Alidi's debut though made on what seems a very limited budget is able to transcend those limitations and capture the determination, melancholy and survival of the Kurdish people during the Iran/Iraq war. The power of a simple message; a piece of music; a baby's cry, is evident in the soulful reminder of why they survive.
See, this is exactly why I come to Mubi for my movies, not only do they show profoundly poetic films like this one, but the reviews/ratings actually reflect the quality of the film. Go on to IMDB and it's only rated 7.1... seriously?!?!?
I'm so in love with it! This story is unexpectedly beautiful, deeply poetic and so well directed. An old man wandering all across Iraq's villages with his radio to deliver recorded messages of love, resistance and hope. It's an incredible, deeply touching, enchanting road trip. The end is just perfect, a veritable hymn to life. Great moments of images poetry. Alidi, please, give me more! Lacan would've said: encore.

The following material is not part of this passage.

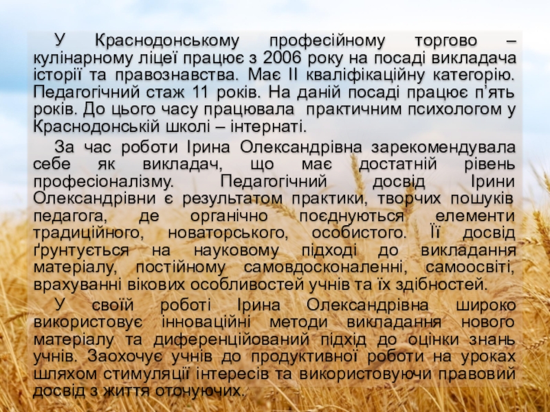 на посаді викладача історії та правознавства. Має ІІ кваліфікаційну категорію. Педагогічний стаж 11 років. На даній посаді працює п’ять років. До цього часу працювала практичним психологом у Краснодонській школі – інтернаті.

We follow the adventures of a dedicated courier who's travels tell the sad story of the hard life for the Kurdish people eking out an existence while under constant harassment and attack from Saddam's forces. While technically flawed the film is a stunning insight to the harshness of life for the Kurdish people. It's not all doom and gloom as our hero partakes in music and prayer on his journeys. Essential viewing.
Reality meets the surreal in this film, many scenes are really comic, they make us laugh, however it is a bitter comedy considering the political situation depicted. The film never gives up hope, even in the most desperate circumstances, like for example the poetic and eloquent closing scene, it doesn't need much to open up the horizon of the Kurd people.